Hip replacement surgery: the good, the bad, and the ugly - personal experiences appreciated!

So, I need a new hip.

Last fall I met with a local (very good) orthopedist about my hip pain - he did an x-ray and confirmed that I had severe arthritis in my right hip (I had been having issues for about 6-8 months at that point but I thought it was soft tissue stuff!), and recommended a THR. Luckily my LEFT hip is fine! Go figure…

To forestall this, I have now had three injections: the first one worked like a charm and I was almost pain free!, second one not so much (the law of diminishing returns), and I just got the third one yesterday. Though the effects are not supposed to kick in immediately, it feels better already - but that might be the steroids talking.
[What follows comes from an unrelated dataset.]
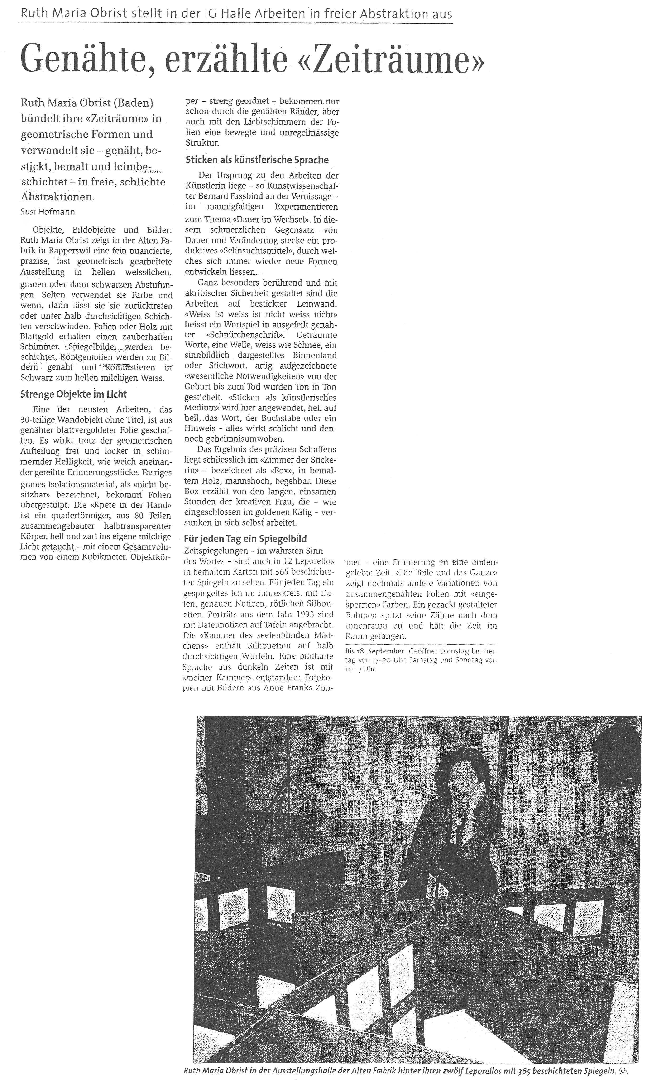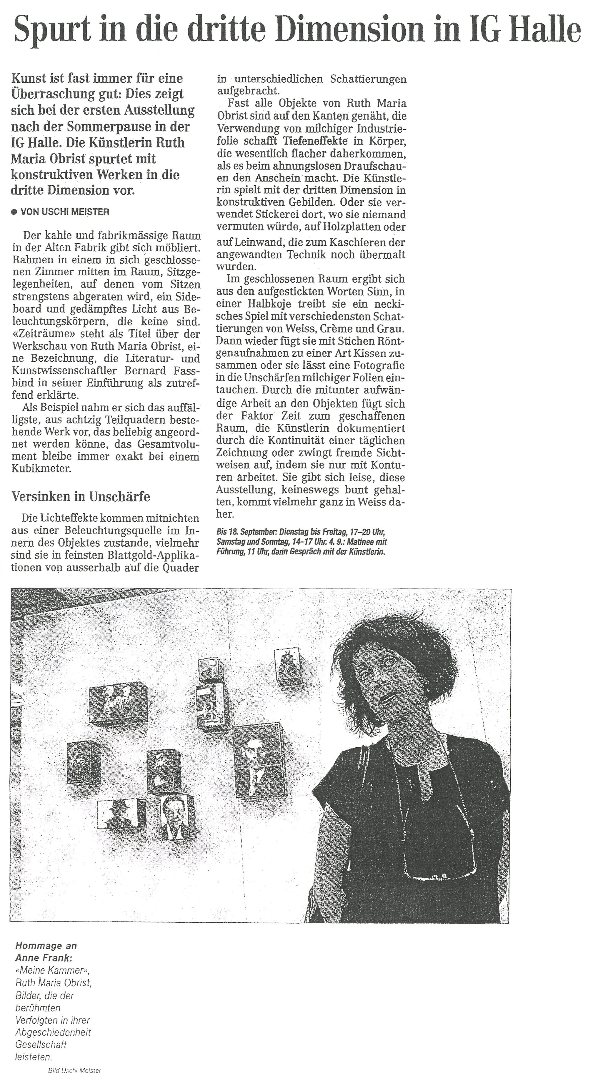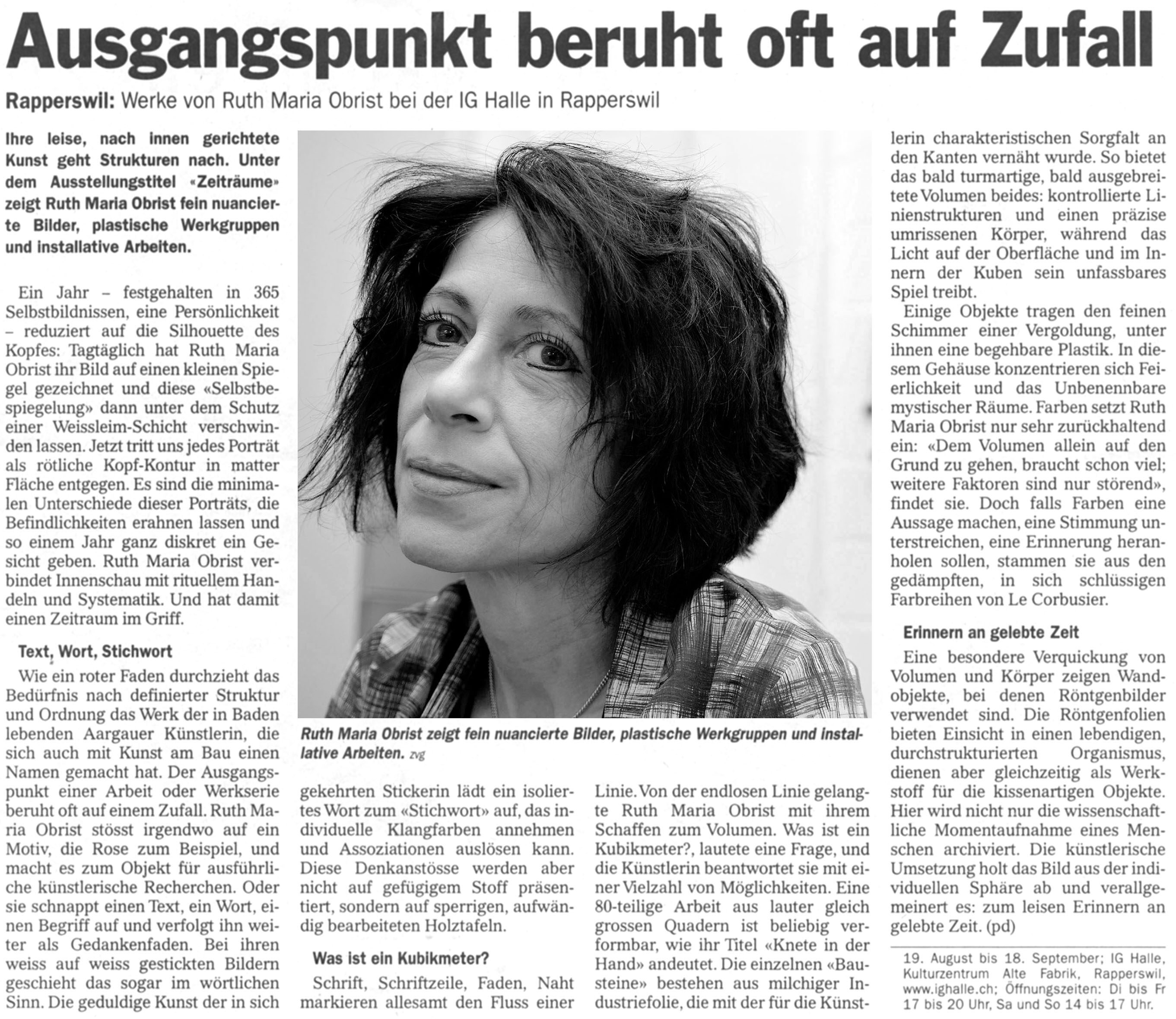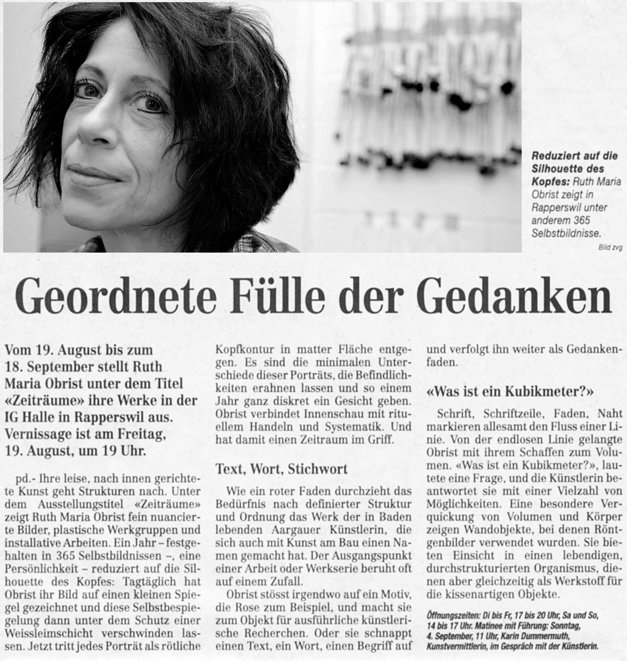Wie ein roter Faden durchzieht das Bedürfnis nach definierter Struktur und Ordnung das Werk der in Baden lebenden Aargauer Künstlerin, die sich auch mit Kunst am Bau einen Namen gemacht hat. Der Ausgangspunkt einer Arbeit oder Werkserie beruht oft auf einem Zu-Fall. Ruth Maria Obrist stösst irgendwo auf ein Motiv, die Rose zum Beispiel, und macht sie zum Objekt für ausführliche künstlerische Recherchen. Oder sie schnappt einen Text, ein Wort, einen Begriff auf und verfolgt ihn weiter als Gedanken-Faden. Bei ihren weiss auf weiss gestickten Bildern geschieht das sogar im wörtlichen Sinn. Die geduldige Kunst der in sich gekehrten Stickerin lädt ein isoliertes Wort zum „Stichwort“ auf, das individuelle Klangfarben annehmen und Assoziationen auslösen kann. Diese Denkanstösse werden aber nicht auf gefügigem Stoff präsentiert, sondern auf sperrigen, aufwändig bearbeiteten Holztafeln.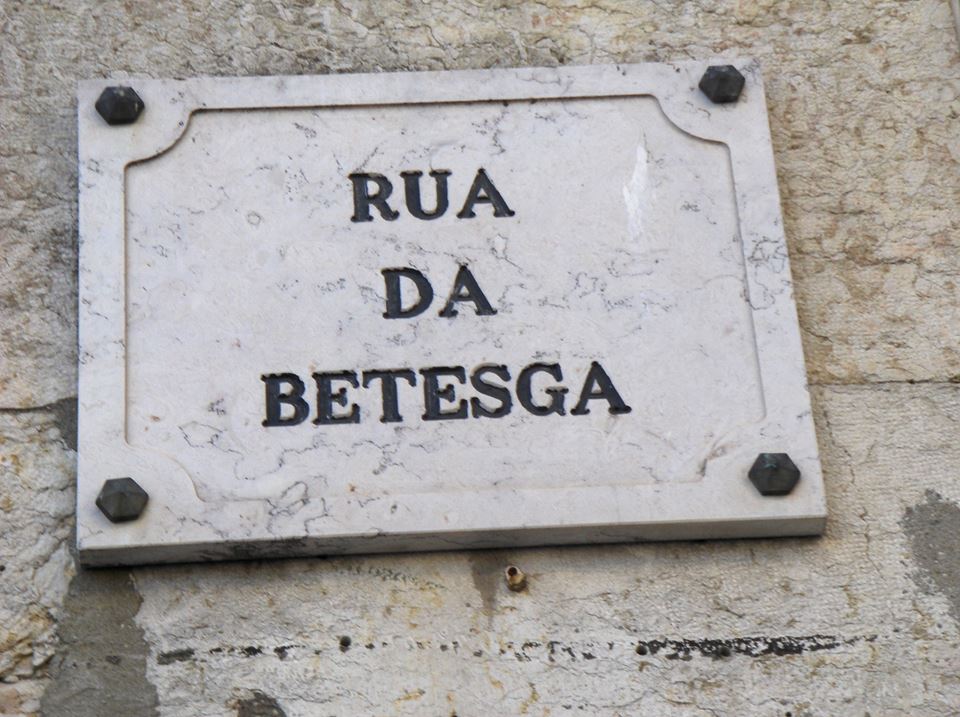 Betesga significa vicolo. L’origine del nome deriva sicuramente dal vicolo buio che esisteva nello stesso luogo prima del terribile terremoto del 1755. Avete mai sentito le espressioni «Meter o Rossio na Betesga» o «meter o Rossio na rua da Betesga» oppure «Colocar o Arco da Rua Augusta na Rua da Betesga»? È un’espressione portoghese che significa “fare qualcosa d’impossibile” proprio come “mettere Rossio nella Betesga”.

Anyway, I know I have to “bite the bullet” at some point this year since I’ve been in a good bit of pain and it has been impacting my riding (not to mention walking and everything else) - luckily I always give my mare a winter vacation so she was off for two months; but I rode a couple of student’s horses on days when I was in less pain - they are both narrower than my horse, which helped. I’ve been on my mare 3 times now and OUCH!, luckily she is very patient and a good girl while I mount and dismount; my dressage saddle has a high cantle which SO does not help! Oy.
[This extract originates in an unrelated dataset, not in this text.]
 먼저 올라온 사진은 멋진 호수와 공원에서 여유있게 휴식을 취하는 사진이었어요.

I’ve been putting it off for obvious reasons (6 weeks to recover, I already have a LOT of pain issues so my worry is that I will be in too much pain to get MOVING and rehabbing ASAP!, etc. which will delay my recovery) It will be a huge disruption to everything, I’ll be dependent on my husband, not able to care for my horse (luckily I board, but it’s not a full service facility), and I have many dog students and several regular horse students who I will leave hanging. My dogs won’t be getting exercised because we live in a TH with a small backyard and despite being a wonderful and helpful man, DH won’t run or walk them (one elderly Whippet and a 2 year old Whippet who NEEDS her daily runs!)

(Times like these I wish I had a desk job, but it is what it is!)
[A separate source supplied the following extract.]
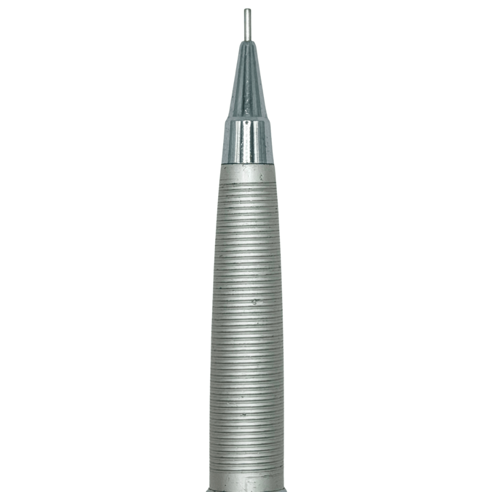 Uç bölgesinde 4mm sabit metal kılıf (fixed sleeve) bulunuyor. Bu tasarım, kalemin cetvel ve şablon kenarına dik olarak yaslanmasına izin vererek çizgilerin kenardan uzaklaşmadan, temiz ve hassas çizilmesini sağlıyor. Kılıfın konik formu ise çizim sırasında görüş alanını açık tutuyor.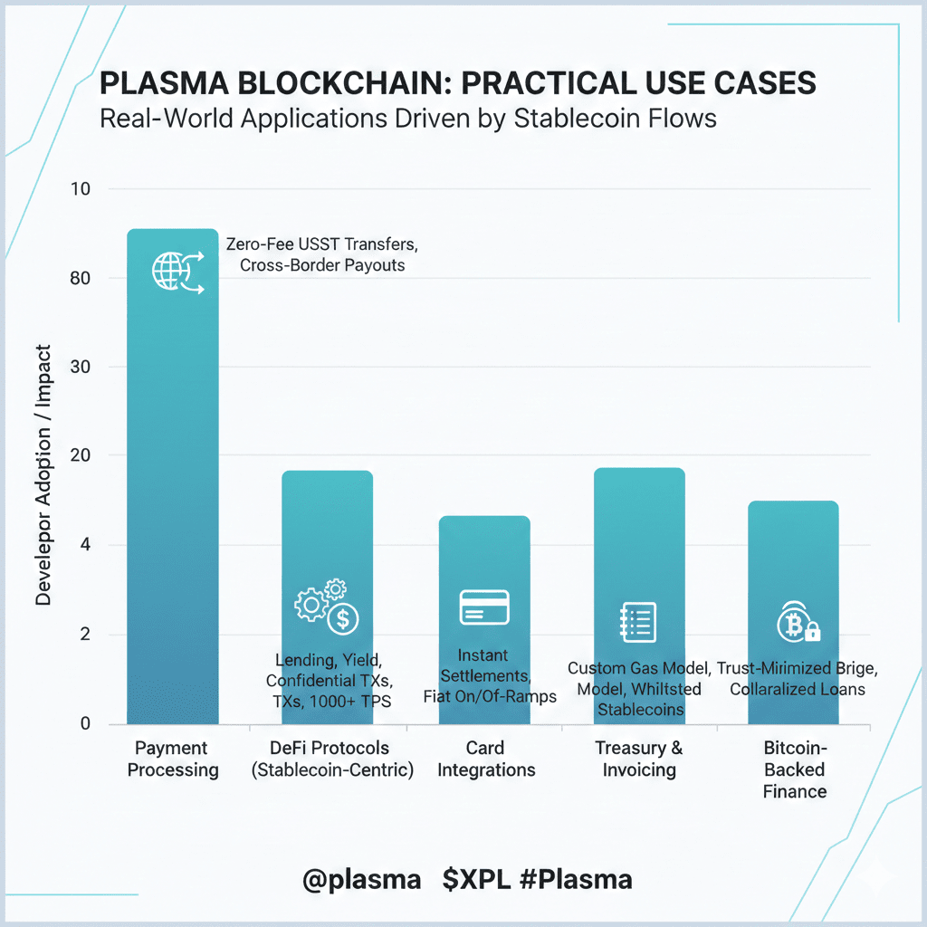 Innym praktycznym obszarem są protokoły DeFi skoncentrowane na stablecoinach. Twórcy uruchamiają skarbce pożyczkowe, strategie zysków i rynki kredytowe, które pozostają w pełni denominowane w dolarach. Przepustowość Plasma wynosząca ponad tysiąc transakcji na sekundę z blokami poniżej sekundy utrzymuje te systemy responsywne nawet w czasie dużego użytkowania. Transakcje poufne dodają dodatkową warstwę prywatności, co ma znaczenie dla skarbców biznesowych, które nie chcą, aby każdy szczegół był widoczny w łańcuchu.

Since this is a board full of horse people I’m sure you can all relate - so!, I’m hoping to hear some personal stories from those who have gone through it: how much pain were you in, how immobilized were you, how long did it take to heal, how did you deal with stairs??

I am fit and thin, exercise and stretch every day and have a strong core - but I’m 66 and already have back issues. I have to move and stretch daily or I turn into the Tin Man.

TIA for any and all responses! (I did do a search on here and read about others’ experiences, but I would love to hear more details from fellow “survivors” if you would be so kind :slightly_smiling_face:)

ETA - he does a direct anterior approach which is supposed to reduce pain and speed recovery. We have a consult this Friday - so have questions lined up, but any additional thoughts on what to ask would be fantastic!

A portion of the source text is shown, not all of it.